Copy each line, word for word, from the one with "Trace the coast" through the final line of the listing, but skip the pictures.

_Recorded information_.
━━━

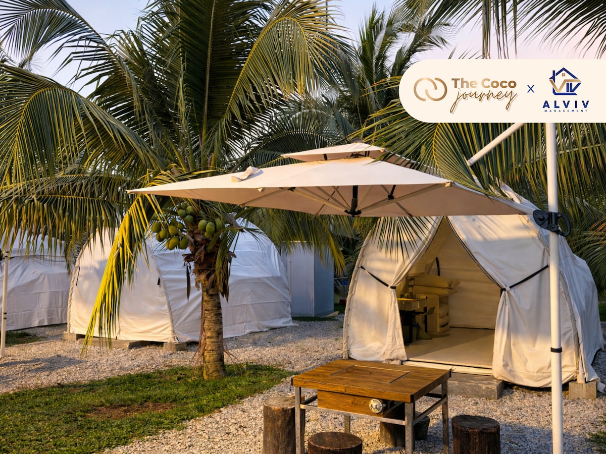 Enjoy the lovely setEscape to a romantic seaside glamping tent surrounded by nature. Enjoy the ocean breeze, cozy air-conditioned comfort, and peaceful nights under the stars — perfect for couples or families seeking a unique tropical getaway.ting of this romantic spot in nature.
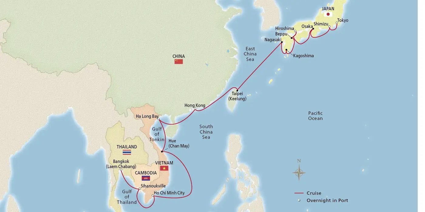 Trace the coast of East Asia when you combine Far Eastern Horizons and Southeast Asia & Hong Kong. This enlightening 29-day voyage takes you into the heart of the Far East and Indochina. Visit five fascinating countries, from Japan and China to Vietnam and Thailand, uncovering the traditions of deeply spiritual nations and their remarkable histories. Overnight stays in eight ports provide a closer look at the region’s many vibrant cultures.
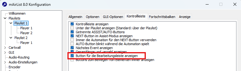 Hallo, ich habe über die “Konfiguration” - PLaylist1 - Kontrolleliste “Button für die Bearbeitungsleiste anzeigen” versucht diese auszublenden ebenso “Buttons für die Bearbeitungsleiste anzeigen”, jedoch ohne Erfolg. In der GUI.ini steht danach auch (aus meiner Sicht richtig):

━━━

_Reply to the exercise_.
 Trace the coast of East Asia when you combine Far Eastern Horizons and Southeast Asia & Hong Kong. This enlightening 29-day voyage takes you into the heart of the Far East and Indochina. Visit five fascinating countries, from Japan and China to Vietnam and Thailand, uncovering the traditions of deeply spiritual nations and their remarkable histories. Overnight stays in eight ports provide a closer look at the region’s many vibrant cultures.
 Hallo, ich habe über die “Konfiguration” - PLaylist1 - Kontrolleliste “Button für die Bearbeitungsleiste anzeigen” versucht diese auszublenden ebenso “Buttons für die Bearbeitungsleiste anzeigen”, jedoch ohne Erfolg. In der GUI.ini steht danach auch (aus meiner Sicht richtig):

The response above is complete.